A real-time processing system should be guaranteed a service level with a delay time of less than a second and should provide a constant response speed and predictable performance.
Event Stream processing method guarantees low latency, enables almost all logic processing, and it is easy to implement state management. However, the event stream processing method has a problem that a bottleneck may occur if all data are concentrated on a specific key, and that all events must be handled separately, which increases the processing cost of the failure.
The micro-batching method reduces the trouble handling cost and the throughput rate because it processes data by batch.
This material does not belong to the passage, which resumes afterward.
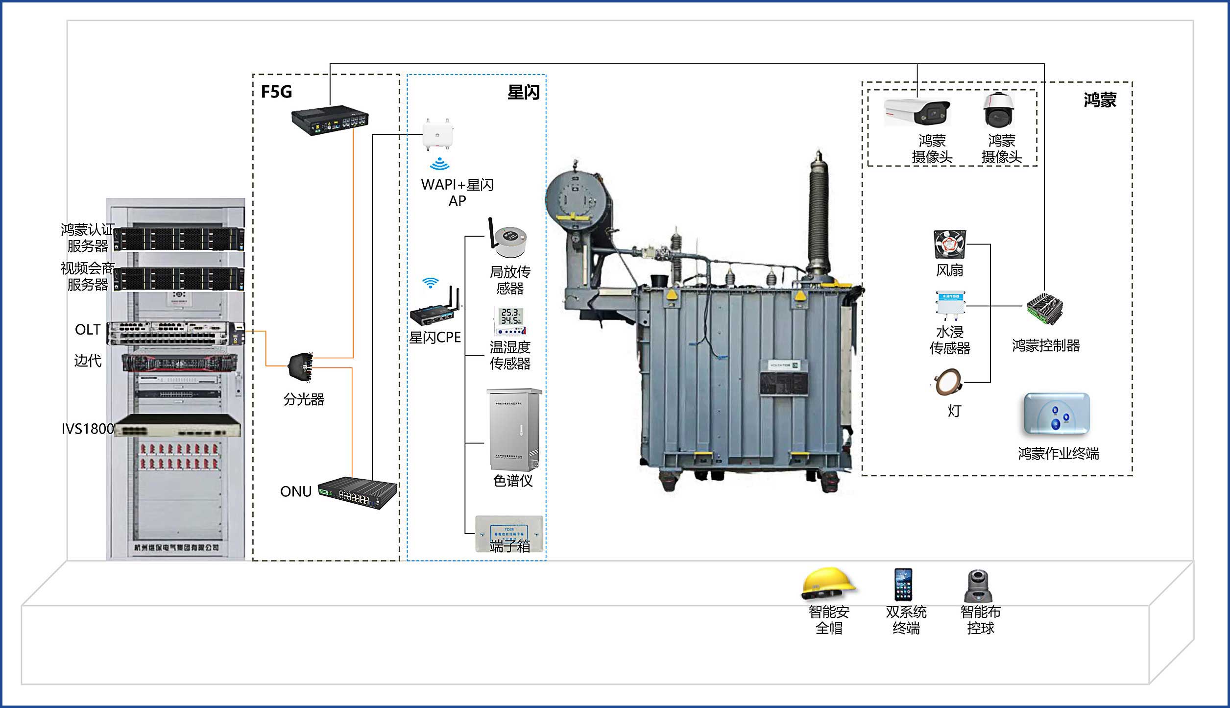 智慧變電站設備狀態多參量在線監測系統,融合了前沿的科技與創新理念,憑借先進的狀態監測傳感器、創新性的WAPI通訊和星閃技術,以及強大的國產自主可控后臺電鴻操作系統,為變電站的高效、安全運行打造了全方位智能在線監測解決方案,助力電力行業邁向智能化新時代。

However, there is a problem that the micro-batching method has a limitation on logic processing and a large delay time.
Currently there is a real-time processing framework such as Storm, Samza, and Flink that uses event stream processing method and Spark which uses micro-batching method. However, it supports event stream processing method and micro-batching method simultaneously . In addition, when the stream is processed by the micro-batching method using the existing framework, the delay time is rapidly increased due to the data concentrated at a specific time.
This causes a problem that it is necessary to reset the batch interval at a specific time period during which data is concentrated so as to keep the low delay time constant. In addition, according to the service characteristic or the format classification of stream data (regular, semi-regular, irregular) It has the problem of changing the processing framework or integrating with other platforms to solve performance issues.
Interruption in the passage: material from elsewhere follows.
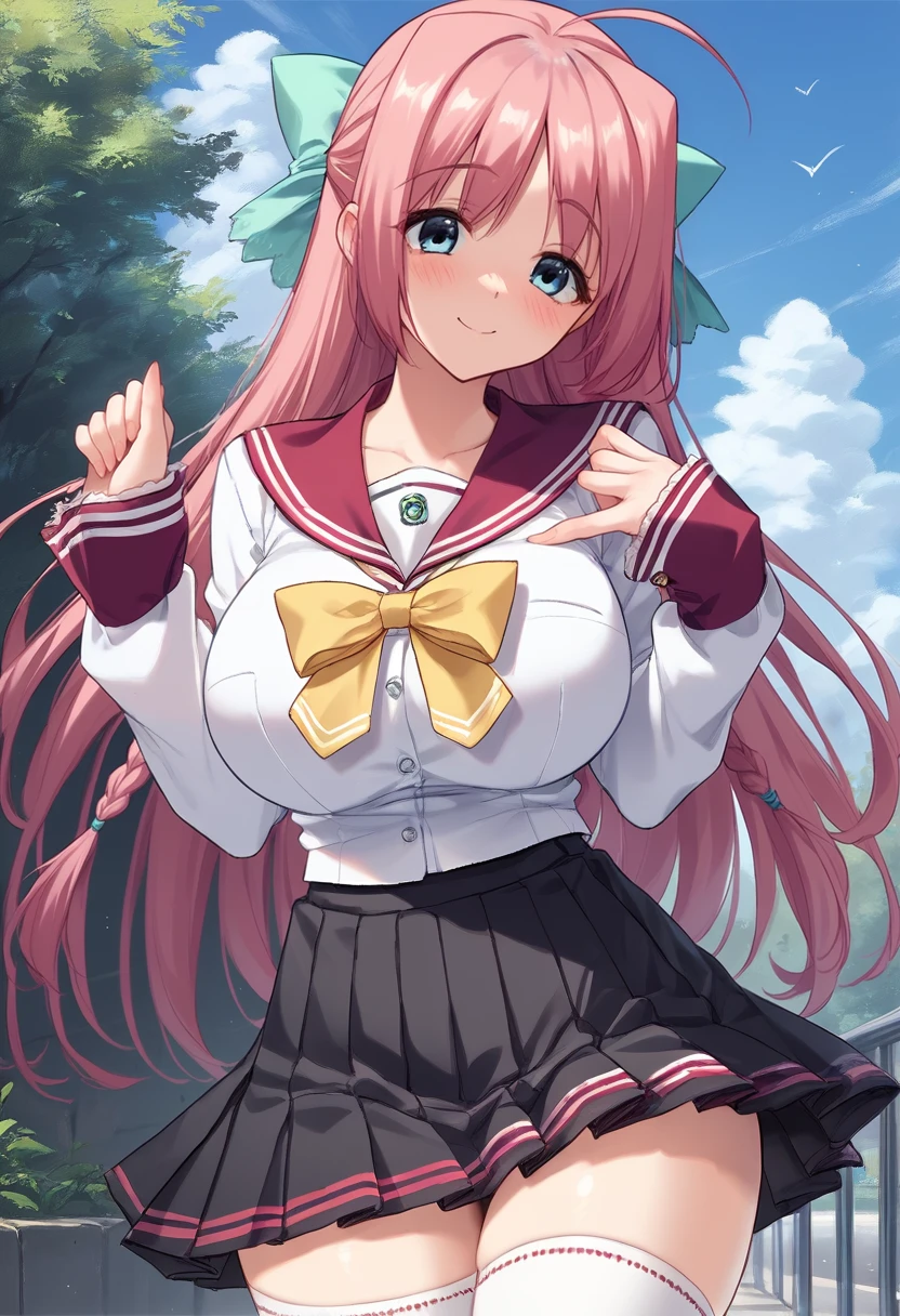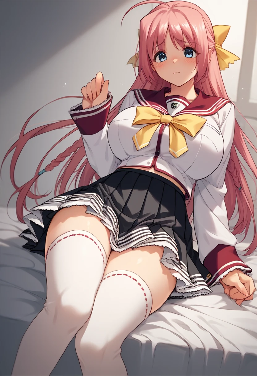 Default Outfit: "white and red school uniform, black pleated skirt, thighhighs, serafuku, long sleeves, yellow bow"

SUMMARY OF THE INVENTION The present invention has been made to solve the above problems, and it is an object of the present invention to provide a method and apparatus for selecting a real-time stream data processing method according to a type of stream data, And an apparatus and a recording medium to which the present invention is applied.
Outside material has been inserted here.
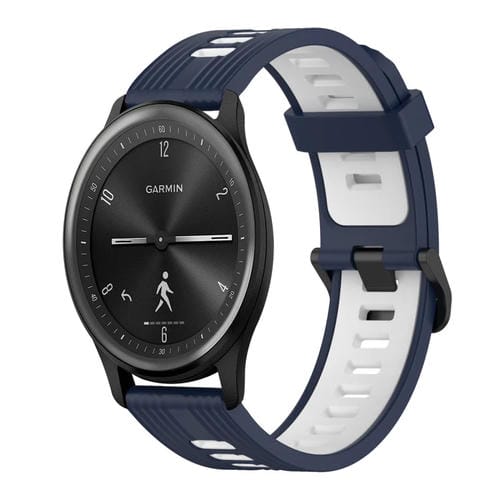 Banda de Reloj de Silicona para Garmin Vivomove Sport 20mm Patrón Vertical Dos Colores (Azul Oscuro+Blanco)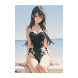 ポスター - B2この商品はpixivFACTORYで作られた商品です。サンプル画像は完成イメージのため、実物と異なる場合があります。 深みのあるブラックを基調とした柄が印象的な、上品なワンピース水着のアートポスター。 穏やかな海と空を背景に、落ち着いた大人の美しさと健康的なスタイルを表現しています。 シックで洗練された雰囲気は、空間を選ばず飾りやすい一枚です。

Another object of the present invention is to select and process a real-time stream data processing method among a micro-batching method or an event stream processing method according to the type of stream data, and a buffer having a fixed size is used as the micro- And an apparatus and a recording medium to which the present invention is applied.
According to an aspect of the present invention, there is provided a real-time stream processing method including: receiving stream data; Selecting a real-time stream data processing method according to a type of the stream data; And processing the input stream data in accordance with the selected real-time stream data processing method.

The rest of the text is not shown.